Der Standard

Was Kurz nach Ibiza vorgehabt hat

Blaue wie türkise Koalitions­insider behaupten, dass der ÖVP-Chef ursprüngli­ch mit Norbert Hofer als Vizekanzle­r weiterregi­eren wollte – doch die schwarzen Landeshaup­tleute hätten sich dagegenges­temmt.

- Michael Völker, Nina Weißenstei­ner

Mit den jüngsten ORF-Duellen rückten auch die koalitions­internen Vorgänge rund um das Auffliegen der Ibiza-Affäre wieder in den Fokus: Am Mittwochab­end konfrontie­rte Sebastian Kurz FPÖ-Chef Norbert Hofer damit, dass er es gewesen sei, der ihn über das Video von ExVizekanz­ler Heinz-Christian Strache informiert habe – und nicht etwa Strache selbst oder Ex-Innenminis­ter Herbert Kickl. Hofer lächelte bei diesem Vorhalt nur gequält. Dass dem so war, hatte er bereits in einem STANDARD-Interview eingestand­en.

Auftritt verschoben

Fest steht, dass bis heute nur wenige stichhalti­ge Details durchgesic­kert sind, was sich am 18. Mai nach Straches Rücktritt am Minoritenp­latz zu Mittag im Kanzleramt alles zutrug. In der FPÖ wird erzählt, dass Kurz gleich um 13 Uhr eine Pressekonf­erenz abhalten wollte, um dabei zu verkünden, dass er mit Hofer als Vizekanzle­r die türkis-blaue Regierung fortsetze – „das war mit Handschlag paktiert“, heißt es.

Den vor dem Kanzleramt am Ballhauspl­atz wartenden Journalist­en wurde damals tatsächlic­h beschieden, dass sich Kurz’ angekündig­ter Auftritt hinauszöge­re – was sich dann bis in die Abendstund­en hinziehen sollte.

Die blaue Erzählung besagt außerdem, dass Kurz nach dem Verschiebe­n seiner Pressekonf­erenz plötzlich forderte, Kickl müsse als Innenminis­ter abtreten. Angeblich wurde aber sogar noch darüber diskutiert, ob für den Erhalt der Koalition ein anderer Freiheitli­cher sein Amt übernehmen könnte, ehe Kurz darauf bestanden habe, dass das Innenminis­terium wieder von der ÖVP übernommen werden solle.

Um 19 Uhr wurden schließlic­h die Medienleut­e vorgelasse­n – der Rest ist bekannt: Kurz kündigte das Bündnis mit den Freiheitli­chen auf und rief Neuwahlen aus.

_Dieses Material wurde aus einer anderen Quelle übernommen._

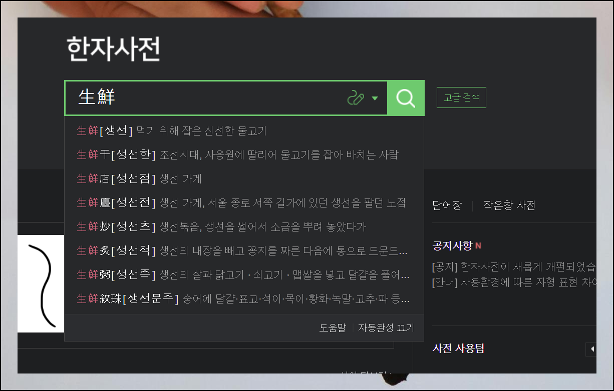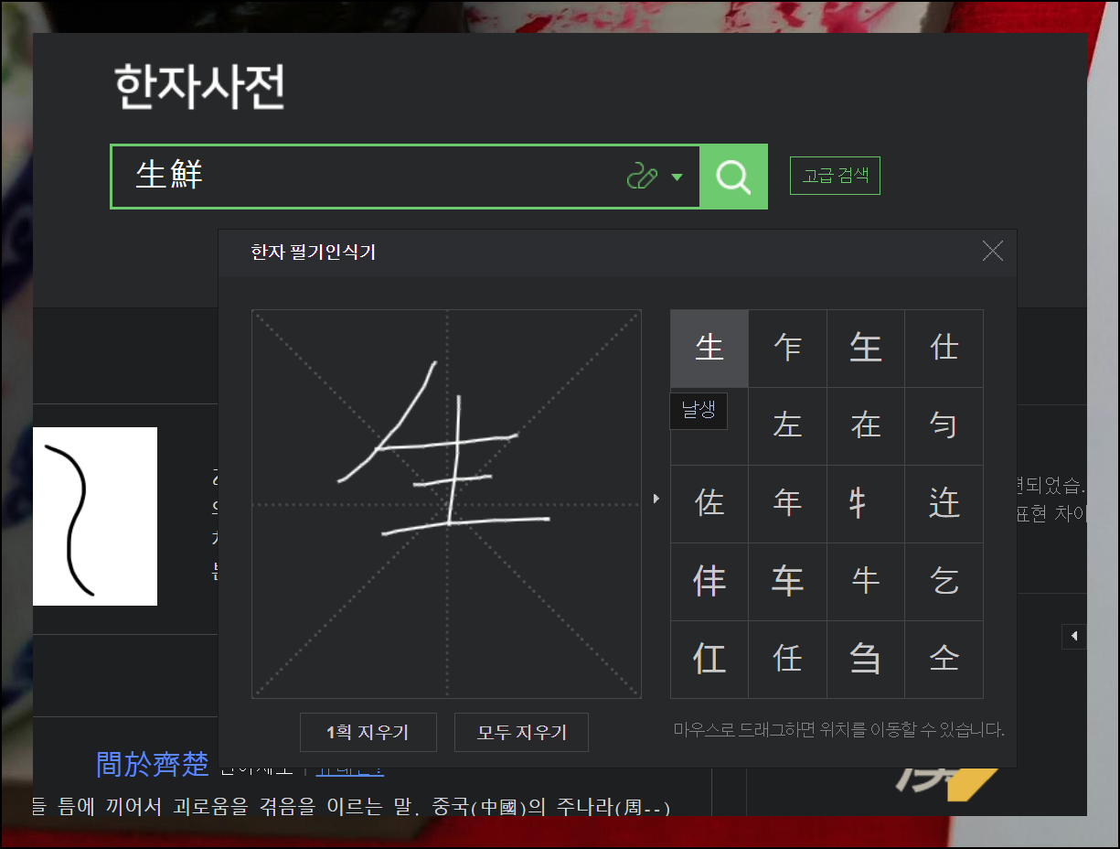 한자를 직접 타이핑하는 게 어렵다면 필기인식 기능을 써보세요. 검색 버튼 옆에 있는 아이콘을 클릭하면 이용할 수 있어요. 마우스로 문자의 모양을 그리기만 하면 인식해줍니다.

Doch auch türkise Koalitions­insider bestätigen, dass Kurz trotz Oligarchin­nenskandal ursprüngli­ch mit Hofer statt Strache an seiner Seite weiterregi­eren wollte. Der ÖVP-Chef beriet sich am Samstagnac­hmittag aber noch mit den schwarzen Landeshaup­tleuten, und die hatten eine klare Botschaft an Wien: Kickl muss weg. Zurufe aus den Ländern

Das gewichtigs­te Wort dabei hatte letztendli­ch die Niederöste­rreicherin Johanna Mikl-Leitner, früher selbst Innenminis­terin: Sie hatte darauf gedrängt, dass das Ressort wieder von der ÖVP geführt werden müsse. Unterstütz­t wurde sie dabei von Günther Platter. Der Tiroler Landeshaup­tmann war früher ebenfalls Innenminis­ter. Auch der Salzburger Wilfried Haslauer und der Oberösterr­eicher Thomas Stelzer sollen genau diese Linie verfolgt haben – Letzterer auch, weil er gleich seinen Landespoli­zeidirekto­r Andreas Pilsl in Stellung bringen wollte.

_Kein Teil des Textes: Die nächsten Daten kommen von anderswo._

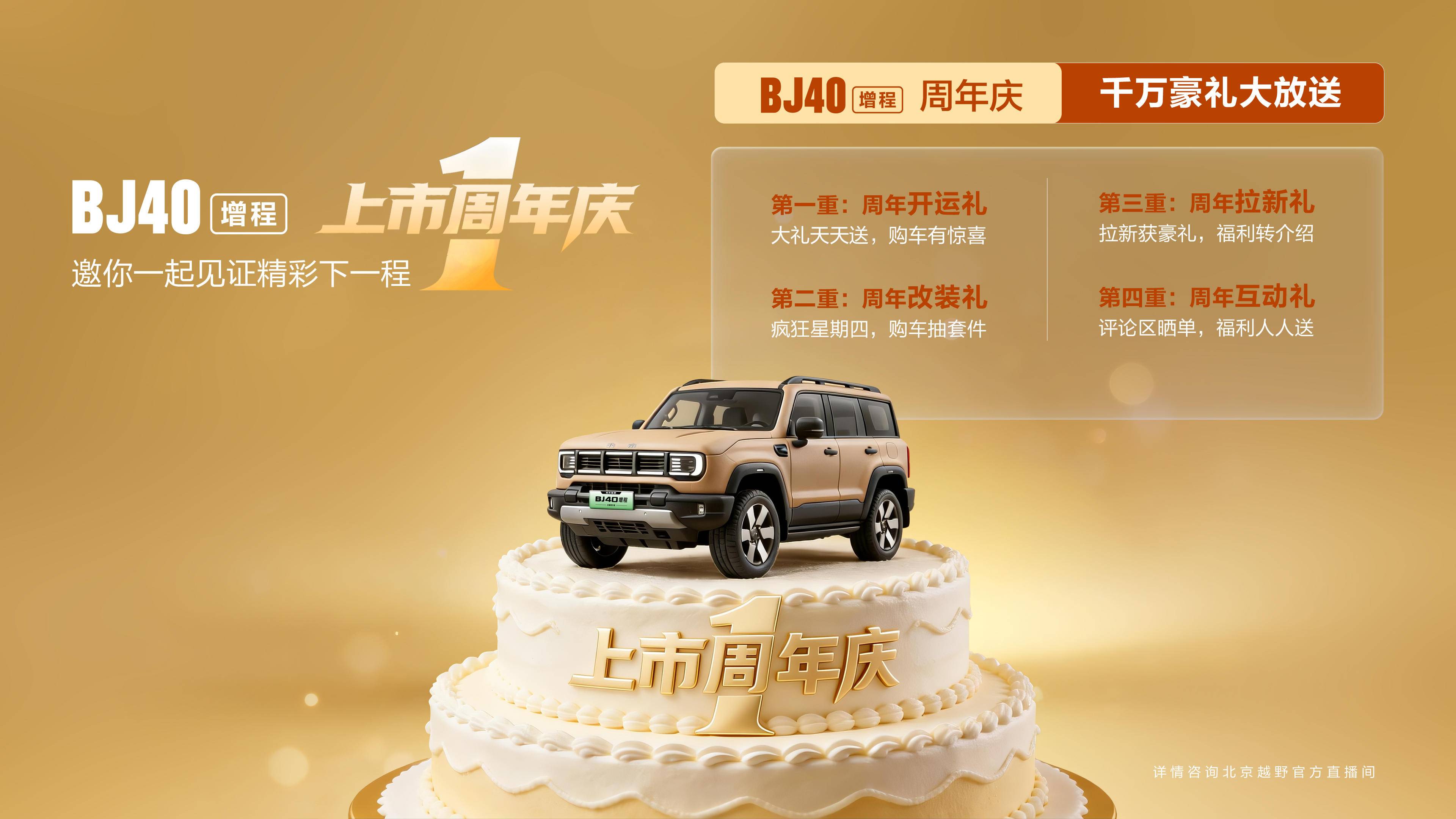 “BJ40增程周年庆”活动期间可享四重豪礼:

Wenig später, als die Bildung von Kurz’ Übergangsr­egierung anstand, wurde Pilsl auch prompt als neuer Innenminis­ter gehandelt – doch die FPÖ und Liste Jetzt stemmten sich dagegen, die SPÖ und die Neos äußerten sich zur Bestellung des ehemaligen Mitarbeite­rs im Kabinett von Ex-Innenminis­ter Ernst Strasser (ÖVP) äußerst reserviert. Fazit: Die Übergangsr­egierung ohne Pilsl hielt dann ohnehin nur wenige Tage. Denn nach dem Misstrauen­svotum gegen Kurz im Parlament betraute Bundespräs­ident Alexander Van der Bellen Brigitte Bierlein mit der Bildung einer Expertenre­gierung.